9 Identify Missing Data

Missing data is identified during the data mapping process, where a table or field in the SAP systems does not have an identifiable source from the legacy applications.

10 Resolve Missing Data

SAP modules will require data that does not exist in the legacy systems, the approaches to resolve this issue are:

• Populate the missing data within the data load programs, either by calculation or mapping tables.

• Using third party software, such as Microsoft Excel, for data staging and manipulating the data manually to fit the required format.

• Developing guidelines for use during manual migrations, which show how to determine missing values while entering the data.

11 Extract Legacy Data

Legacy data is extracted from the legacy systems using software specifically developed for the task using the legacy toolset available, the extracted data is loaded into staging tables and transferred to the data staging area. Extracted legacy data will be held on the data migration staging area for further analysis, manipulation and cleansing using the appropriate tool, for example MS Excel, MS Access. Integrity checks are required to ensure the correct data has been extracted, for example, all records are included in the extract, duplicates have not been created etc.

12 Design Automatic Loads

Where an automatic load process has been chosen as the best method to load the data into SAP, the data load programs are designed and a technical specification written. The technical specification will define an appropriate SAP load technique, all data mapping (legacy field to SAP field) and data transformation logic.

13 Develop Automatic Loads

Automatic data loads into SAP will be developed using the technical specification defined.

14 Manual Data Entry

Where manual data entry has been chosen as the best method to load the data into SAP, data will be manually entered into SAP using the appropriate transaction.

15 Data Loading Instructions

Instructions for the data load to be written and agreed for all data objects in scope. This includes the order in which data is to be migrated and any dependencies

16 Trial Data Upload - Running

The process of running trial data loads into the SAP system will help ensure data accuracy, the correct load sequence, determine load duration and correct any loading errors.
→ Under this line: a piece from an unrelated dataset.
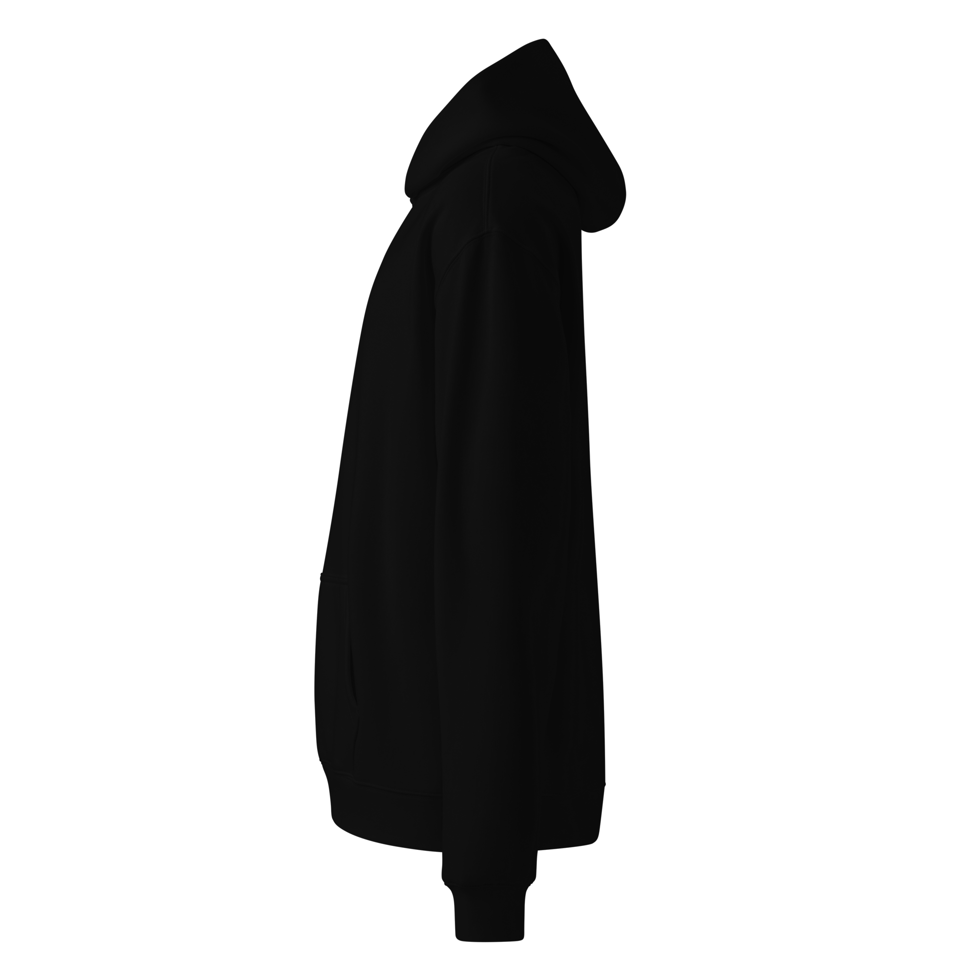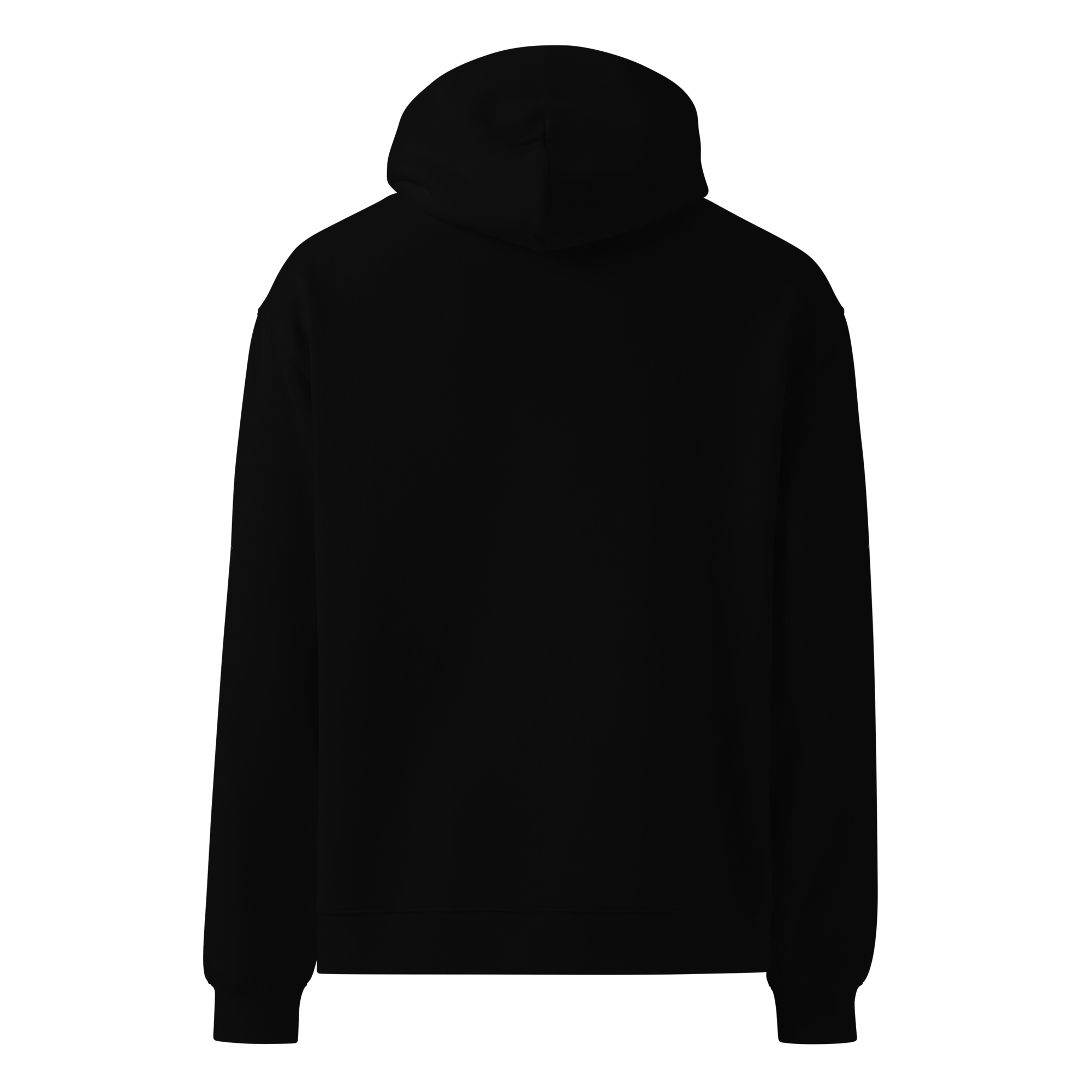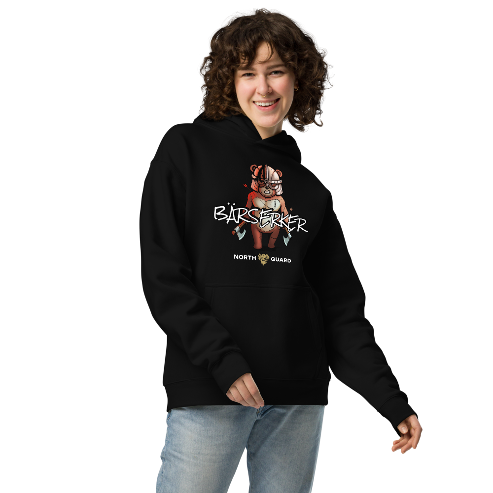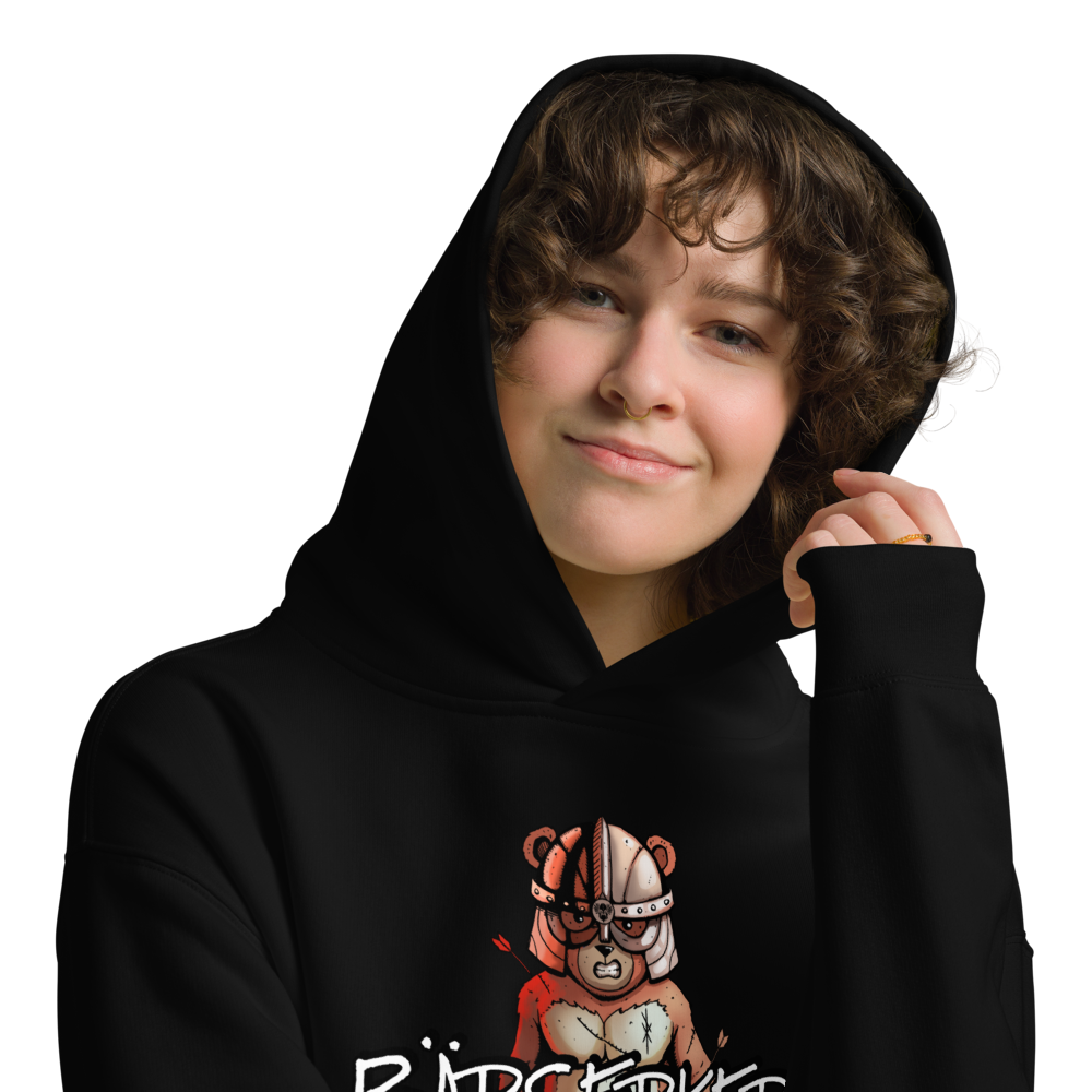 Schwarzer Unisex Oversized-Hoodie aus 80 % Baumwolle, 20 % recyceltes Polyesterfleece mit dem Bärserker-Aufdruck. Mit unserer Marke trägst du die Stärke der Wikinger! „Show your strength - Show your fashion!“

The trial data loads will continue until the load process completes successfully.

17 Trial Data Upload - Checking

After the trial data load run has completed, the data loaded will be checked for accuracy to ensure it meets defined requirements.
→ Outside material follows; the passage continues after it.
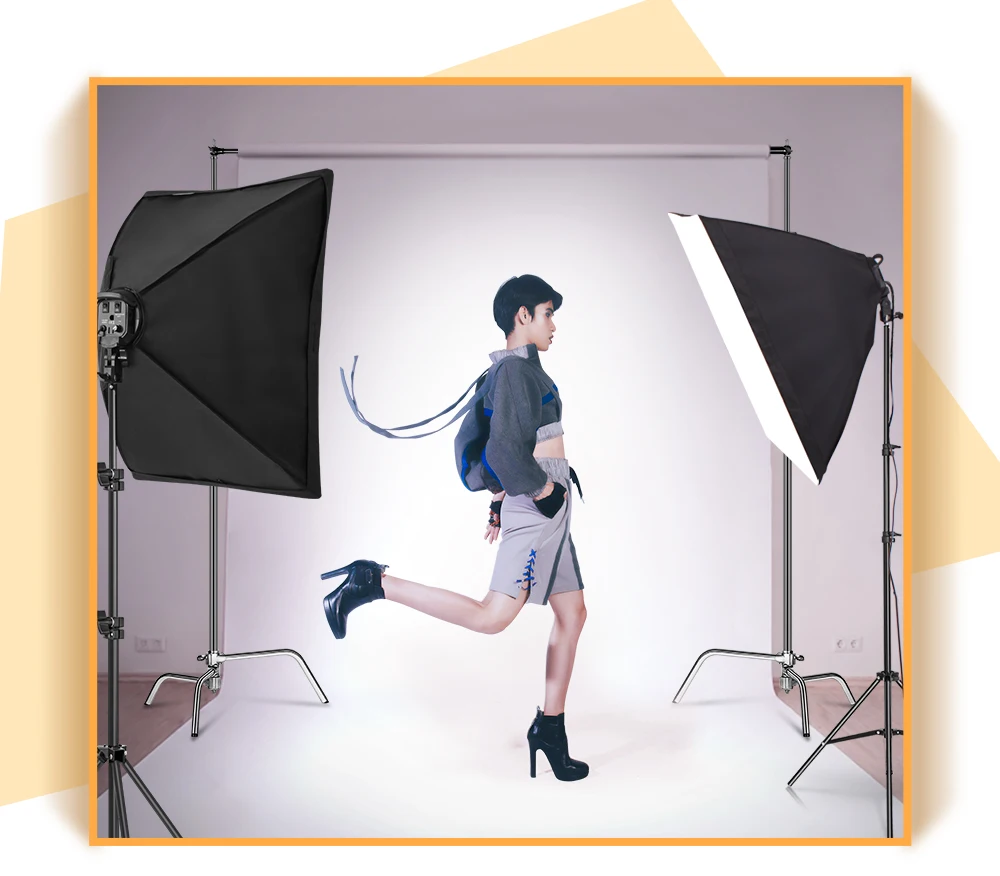 Это идеальный комплект освещения софтбокса для фото-студии видео. Четыре держателя лампы: подходит для 4 ламп, Цоколь E27 подходит для большинства осветительных приборов. Четыре вида адаптера питания: штепсельная вилка европейского стандарта, штепсельная вилка американского стандарта, штепсельная вилка британского стандарта, штепсельная вилка австралийского стандарта. Софтбокс 50x70: белая Складная мягкая ткань, высококачественные светоотражающие частицы. Безопасное и нетоксичное полиэфирное волокно, 4 гибких шатуна. Осветительная стойка: сложенная высота 27 дюймов (68 см), рабочая высота 79 дюймов (200 см) высокое качество, стабильная и прочная, простая установка и использование. Подарите 2 дополнительных предохранителя в подарок (чтобы предохранитель не горел из-за чрезмерного рабочего времени) Светодиодные лампы: профессиональная лампа для фотосъемки, супер мощность и высокая яркость, обеспечивают яркую среду для фотосъемки изделия. Цоколь E27 подходит для большинства стандартных фотокреплений. Срок службы до 8000 часов, экономия энергии до 80%, низкая рабочая температура, отсутствие шума и мерцания, идеально подходит для цифровой фотосъемки.

18 Execution Plan for Final Uploads

This plan gives an indication of the feasibility of the final conversion into the production system in the available time frame, and specifies the data sequencing as well as the appropriate time to freeze the legacy system(s), for extracting information for the final uploads.

19 Dual Data Maintenance

Where master data is migrated before actual go-live any data changes on the legacy system must also be reflected on the new SAP system. Dual maintenance is best avoided if there is a large volume of master data changes as the additional workload may be excessive.

20 Data Cutover

This is the final Data Migration into the SAP production System. The cutover period is the time between the shutting down of the old system (and ceasing of all logistic related business activities) and commencement of use of the SAP. During cutover the all processing on the legacy system is frozen and the data extracted.

21 Reconcile the Migrated Data

This process checks that the data migrated into SAP meets the specified data requirements. This includes, but is not limited to manual data checks, record counts, checking balances, running reconciliation reports, approval of acceptable differences (rounding errors) etc.

22 Data Sign-off

After the migrated data has been reconciled and checked the data loads will be signed-off, the sign-off will act as approval for the go-live of the SAP application.

Data Migration Guiding Principles

1 Data Migration Approach

1 Master Data - (e.g. Customers, Assets)

The approach is that master data will be migrated into SAP providing these conditions hold:

• The application where the data resides is being replaced by SAP.

• The master records are required to support SAP functionality post-go-live.

• There is a key operational, reporting or legal/statutory requirement.

• The master data is current (e.g. records marked for deletion need not be migrated) OR is required to support another migration.

• The legacy data is of a sufficient quality such so as not to adversely affect the daily running of the SAP system OR will be cleansed by the business/enhanced sufficiently within the data migration process to meet this requirement.

Note: Where the master data resides in an application that is not being replaced by SAP, but is required by SAP to support specific functionality, the data will NOT be migrated but accessed from SAP using a dynamic query look-up. A dynamic query look-up is a real-time query accessing the data in the source application as and when it is required. The advantages of this approach are;

- Avoids the duplication of data throughout the system landscape.

- Avoids data within SAP becoming out-of-date.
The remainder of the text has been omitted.